Characters are cartoony animals in realistic backgrounds (a la Art Spiegelman, or the Scandinavian cartoonist Jason) allowing for that 'everyman' quality. Line art is squiggly, overwashed with pastel watercolor, easy on the eyes and suited for humor. Students can learn how simple art can be while still examining adult subjects, or at least smirking about them.

Aya (series) by Marguerite Abouet; art by Clement Ouberie. Translated from French.

Think 'Archie Comics times Shakespeare', Not strictly memoir this is realistic fiction, though it is based on Margarite Abouet's experiences growing up in the Ivory Coast in the 1970's-80's. The easy day to day drama of life in a large modern African town or small city, Ms Abouet manages to intertwine many characters' storylines together in a bright charming weave. This comedy of errors unravels over five volumes, culminating in a satisfactory climax.

Panels are saturated with warmth and light, watercolor and ink in vivid hues evoke the feel of a summer that lasts forever.

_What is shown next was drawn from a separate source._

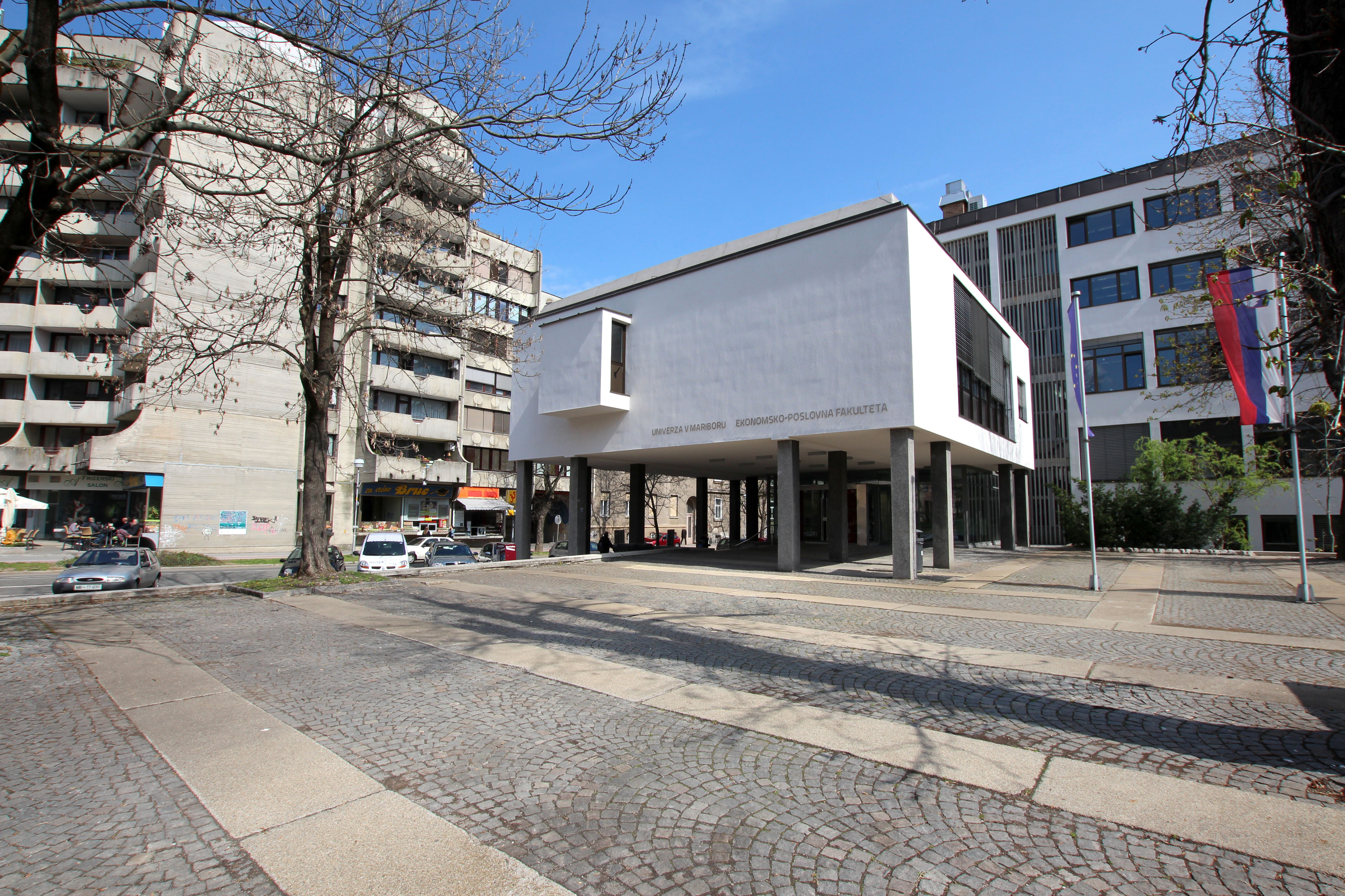 Branko Kocmut (1921-2006) je kot eden najvidnejših mariborskih arhitektov druge polovice 20. stoletja bistveno vplival na urbanizem povojnega Maribora, ki je v letih 1944-45 doživel zavezniška bombardiranja in izgubil velik del svojega mestnega tkiva. Eno od načel pri obnovi mesta je bila ohranitev starega mestnega jedra, v katerem so uničene dele zapolnjevali po sistemu »plomb« in se strogo držali starih gabaritov, medtem ko so bile novogradnje predvidene na robu starega mesta, kjer pa so prav tako veljala stroga pravila glede višine novih objektov. Tem načelom sledi tudi zasnova Višje ekonomsko-komercialne šole, zdaj Ekonomsko-poslovne fakultete Univerze v Mariboru, ki jo je Branko Kocmut načrtoval leta 1960, gradnja pa je bila končana v dveh letih. Gre za prvo novogradnjo v okviru takrat še Združenja visokošolskih zavodov v Mariboru, ki je leta 1975 prerasel v Univerzo v Mariboru; stavba, ki velja za eno najbolj značilnih mariborskih modernističnih zgradb, ima tako tudi simbolni pomen v okviru zgodovine mariborskega visokega šolstva.

Certainly African, but recent and familiar, these stories could happen in small town anywhere, with 20th century concerns and realistic personalities.

Characters are distinct, funny, spunky, each well imagined and full of their own rich internal lives. A great book for teens in that it deals realistically with issues of love and envy and hope and personal image.

The Photographer, by Didier Lefevre and Emmanuel Guibert.

A photographer travels with Medicins sans Frontieres to war-torn Afghanistan during the Soviet occupation of the country. Gets burned out, tries to make it home.

A mix of photography and comics art, this is a powerful depiction of life in these harsh and often beautiful mountains. Intriguing given current events, from an outside perspective little seems to have changed in the decades intervening. Farmers and shepherds still try to scratch out a meager living on rocky soil and forbidding slopes, while conflict between local armed warriors and an outside occupying force endanger everyone caught in the crossfire. This is an important work of graphics reportage, armchair travel to dangerous places, and definitely worth reading.